+++ INPUT MATERIAL
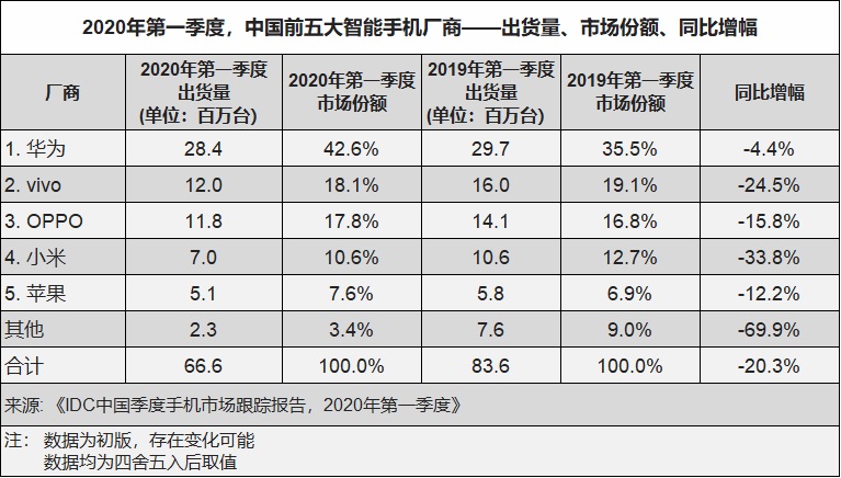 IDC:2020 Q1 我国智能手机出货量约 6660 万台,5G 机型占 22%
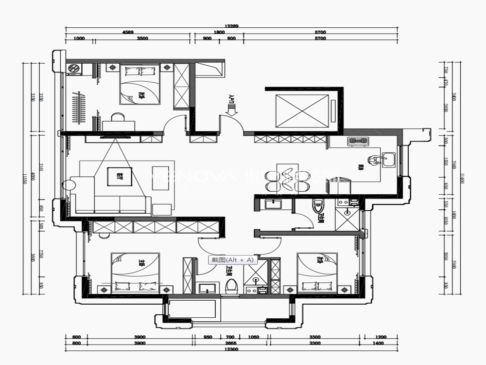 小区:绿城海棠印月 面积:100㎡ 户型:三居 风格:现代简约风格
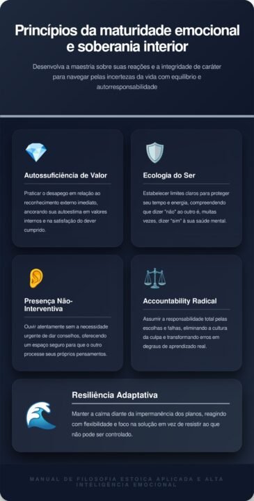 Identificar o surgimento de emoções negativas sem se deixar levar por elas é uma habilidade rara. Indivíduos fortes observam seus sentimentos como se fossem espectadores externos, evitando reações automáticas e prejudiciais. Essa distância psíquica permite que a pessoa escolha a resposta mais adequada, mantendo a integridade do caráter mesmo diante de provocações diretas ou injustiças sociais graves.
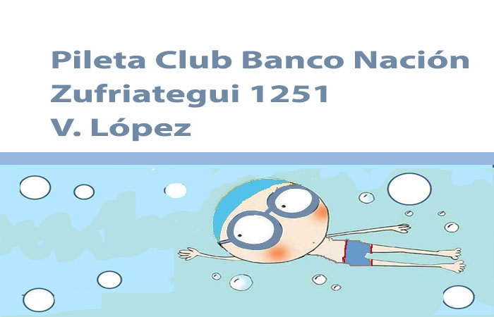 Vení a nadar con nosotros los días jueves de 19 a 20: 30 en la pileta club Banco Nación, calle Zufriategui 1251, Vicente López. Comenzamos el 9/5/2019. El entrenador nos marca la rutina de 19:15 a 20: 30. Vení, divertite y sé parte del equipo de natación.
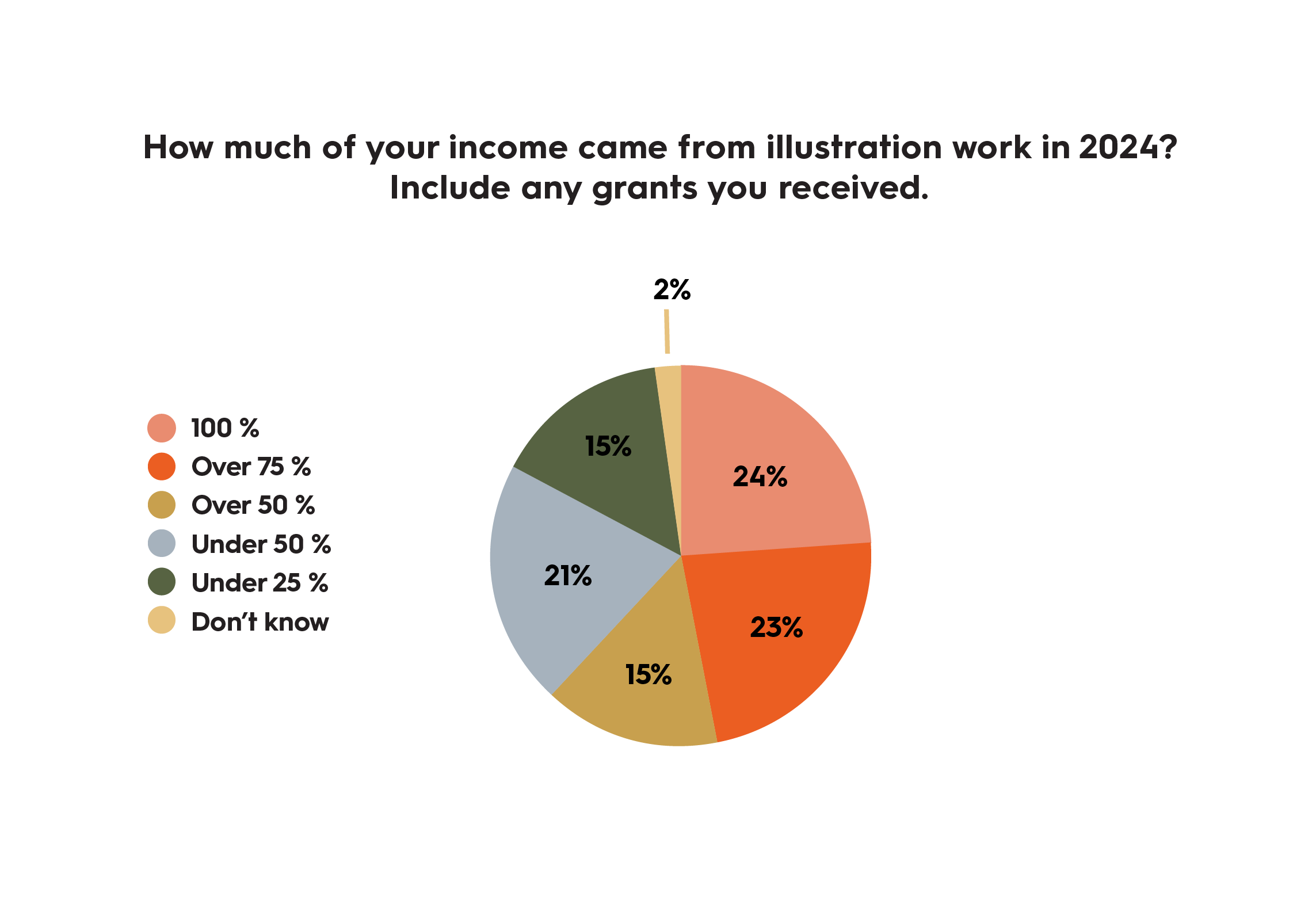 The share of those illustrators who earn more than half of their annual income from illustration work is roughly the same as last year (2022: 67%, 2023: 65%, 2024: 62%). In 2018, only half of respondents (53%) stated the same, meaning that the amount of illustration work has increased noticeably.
++++++
+++ INPUT MATERIAL
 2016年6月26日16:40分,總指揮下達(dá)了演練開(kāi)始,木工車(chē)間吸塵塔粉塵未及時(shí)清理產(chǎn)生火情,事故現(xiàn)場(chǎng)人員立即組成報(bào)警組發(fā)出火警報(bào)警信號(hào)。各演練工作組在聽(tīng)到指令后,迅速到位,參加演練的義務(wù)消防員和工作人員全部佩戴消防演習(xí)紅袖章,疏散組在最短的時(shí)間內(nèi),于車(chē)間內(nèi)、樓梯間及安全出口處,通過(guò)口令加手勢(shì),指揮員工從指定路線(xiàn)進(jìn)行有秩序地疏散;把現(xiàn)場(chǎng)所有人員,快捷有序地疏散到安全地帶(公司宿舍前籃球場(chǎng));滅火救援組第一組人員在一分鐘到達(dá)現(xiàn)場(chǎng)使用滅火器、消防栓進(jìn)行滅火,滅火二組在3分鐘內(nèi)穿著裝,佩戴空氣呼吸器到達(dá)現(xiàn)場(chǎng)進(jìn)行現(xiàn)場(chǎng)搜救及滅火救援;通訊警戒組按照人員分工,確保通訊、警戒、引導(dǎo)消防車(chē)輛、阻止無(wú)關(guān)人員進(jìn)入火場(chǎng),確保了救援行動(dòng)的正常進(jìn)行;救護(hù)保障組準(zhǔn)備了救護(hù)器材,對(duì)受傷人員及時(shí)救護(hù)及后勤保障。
++++++
YOUR INSTRUCTIONS:
Your copy should hold the lines from the one with "IDC:2020 Q1 我国智能手机出货量约 6660 万台,5G 机型占 22%" up to and including the one with "Identificar o surgimento", exactly as in the data above, and no pictures.

ANSWER SECTION:
 IDC:2020 Q1 我国智能手机出货量约 6660 万台,5G 机型占 22%
 小区:绿城海棠印月 面积:100㎡ 户型:三居 风格:现代简约风格
 Identificar o surgimento de emoções negativas sem se deixar levar por elas é uma habilidade rara. Indivíduos fortes observam seus sentimentos como se fossem espectadores externos, evitando reações automáticas e prejudiciais. Essa distância psíquica permite que a pessoa escolha a resposta mais adequada, mantendo a integridade do caráter mesmo diante de provocações diretas ou injustiças sociais graves.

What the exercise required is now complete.